BRIEF -
Begin at the line containing "NEW ENGLAND TELEPHONE & TELEGRAPH COMPANY" in the records below, end at the line containing "Sentier du Bois charmant", and retype each line in that span exactly. No other line and no image should appear.

[Records drawn from a dataset]
Content starts
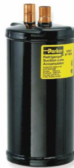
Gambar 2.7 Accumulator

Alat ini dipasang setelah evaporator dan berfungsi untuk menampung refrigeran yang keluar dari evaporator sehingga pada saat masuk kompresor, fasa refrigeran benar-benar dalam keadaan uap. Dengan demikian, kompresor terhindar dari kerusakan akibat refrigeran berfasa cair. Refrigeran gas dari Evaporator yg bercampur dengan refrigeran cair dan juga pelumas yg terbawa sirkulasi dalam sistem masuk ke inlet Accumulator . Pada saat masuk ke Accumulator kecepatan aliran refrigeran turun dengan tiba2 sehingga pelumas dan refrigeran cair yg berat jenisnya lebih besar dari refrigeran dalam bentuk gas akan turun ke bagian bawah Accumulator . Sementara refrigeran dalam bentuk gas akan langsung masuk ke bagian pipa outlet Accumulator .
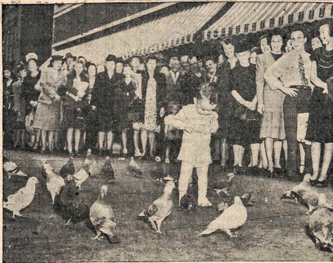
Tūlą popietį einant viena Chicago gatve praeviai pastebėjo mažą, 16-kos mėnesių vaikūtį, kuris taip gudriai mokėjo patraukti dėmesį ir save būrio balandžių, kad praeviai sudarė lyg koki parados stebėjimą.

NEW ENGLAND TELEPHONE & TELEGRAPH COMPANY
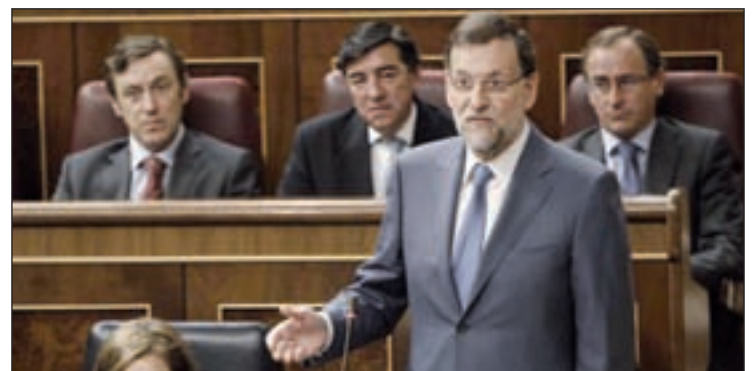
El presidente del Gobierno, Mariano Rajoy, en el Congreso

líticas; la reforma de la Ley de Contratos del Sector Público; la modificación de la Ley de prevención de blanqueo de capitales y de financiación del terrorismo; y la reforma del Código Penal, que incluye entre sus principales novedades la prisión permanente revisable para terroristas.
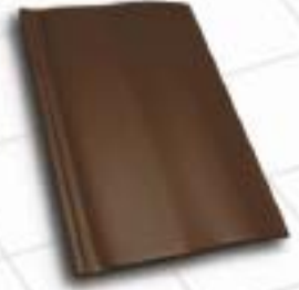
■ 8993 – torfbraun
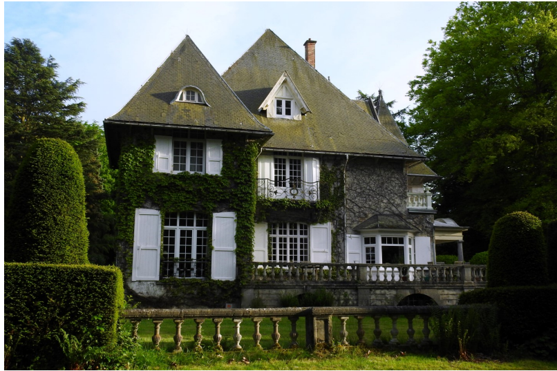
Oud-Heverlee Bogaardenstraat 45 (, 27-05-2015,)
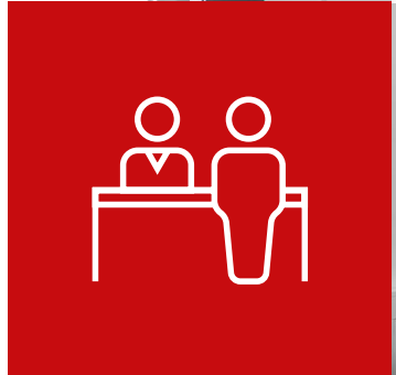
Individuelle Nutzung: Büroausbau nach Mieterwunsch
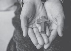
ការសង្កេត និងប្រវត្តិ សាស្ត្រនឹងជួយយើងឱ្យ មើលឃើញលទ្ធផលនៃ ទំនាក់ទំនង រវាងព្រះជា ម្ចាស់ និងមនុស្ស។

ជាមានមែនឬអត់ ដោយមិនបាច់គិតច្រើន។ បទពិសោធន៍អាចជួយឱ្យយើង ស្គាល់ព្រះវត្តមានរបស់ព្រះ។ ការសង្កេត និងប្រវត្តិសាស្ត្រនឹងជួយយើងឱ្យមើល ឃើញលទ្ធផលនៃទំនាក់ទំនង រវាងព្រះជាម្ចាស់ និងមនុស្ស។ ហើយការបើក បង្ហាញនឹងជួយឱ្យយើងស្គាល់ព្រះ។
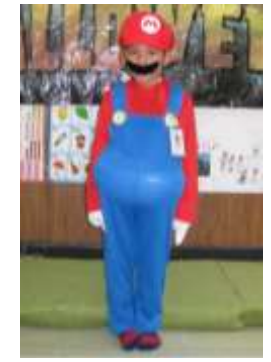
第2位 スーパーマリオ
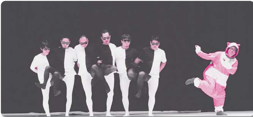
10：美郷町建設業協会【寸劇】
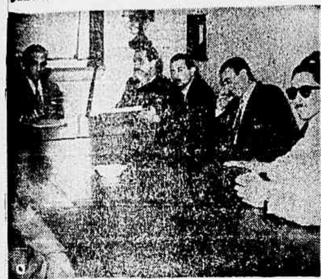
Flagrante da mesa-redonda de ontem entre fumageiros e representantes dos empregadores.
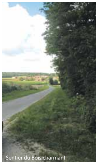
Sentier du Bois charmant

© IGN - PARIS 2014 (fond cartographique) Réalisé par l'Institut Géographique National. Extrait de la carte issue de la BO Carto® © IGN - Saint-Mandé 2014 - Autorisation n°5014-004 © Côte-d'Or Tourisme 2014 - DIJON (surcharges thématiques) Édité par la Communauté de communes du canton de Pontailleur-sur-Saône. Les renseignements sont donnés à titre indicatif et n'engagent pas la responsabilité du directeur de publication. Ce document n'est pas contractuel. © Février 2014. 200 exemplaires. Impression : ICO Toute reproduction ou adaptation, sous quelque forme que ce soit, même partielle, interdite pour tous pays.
Content ends
THE COMPLETED TASK -
NEW ENGLAND TELEPHONE & TELEGRAPH COMPANY
El presidente del Gobierno, Mariano Rajoy, en el Congreso

líticas; la reforma de la Ley de Contratos del Sector Público; la modificación de la Ley de prevención de blanqueo de capitales y de financiación del terrorismo; y la reforma del Código Penal, que incluye entre sus principales novedades la prisión permanente revisable para terroristas.
■ 8993 – torfbraun
Oud-Heverlee Bogaardenstraat 45 (, 27-05-2015,)
Individuelle Nutzung: Büroausbau nach Mieterwunsch
ការសង្កេត និងប្រវត្តិ សាស្ត្រនឹងជួយយើងឱ្យ មើលឃើញលទ្ធផលនៃ ទំនាក់ទំនង រវាងព្រះជា ម្ចាស់ និងមនុស្ស។

ជាមានមែនឬអត់ ដោយមិនបាច់គិតច្រើន។ បទពិសោធន៍អាចជួយឱ្យយើង ស្គាល់ព្រះវត្តមានរបស់ព្រះ។ ការសង្កេត និងប្រវត្តិសាស្ត្រនឹងជួយយើងឱ្យមើល ឃើញលទ្ធផលនៃទំនាក់ទំនង រវាងព្រះជាម្ចាស់ និងមនុស្ស។ ហើយការបើក បង្ហាញនឹងជួយឱ្យយើងស្គាល់ព្រះ។
第2位 スーパーマリオ
10：美郷町建設業協会【寸劇】
Flagrante da mesa-redonda de ontem entre fumageiros e representantes dos empregadores.
Sentier du Bois charmant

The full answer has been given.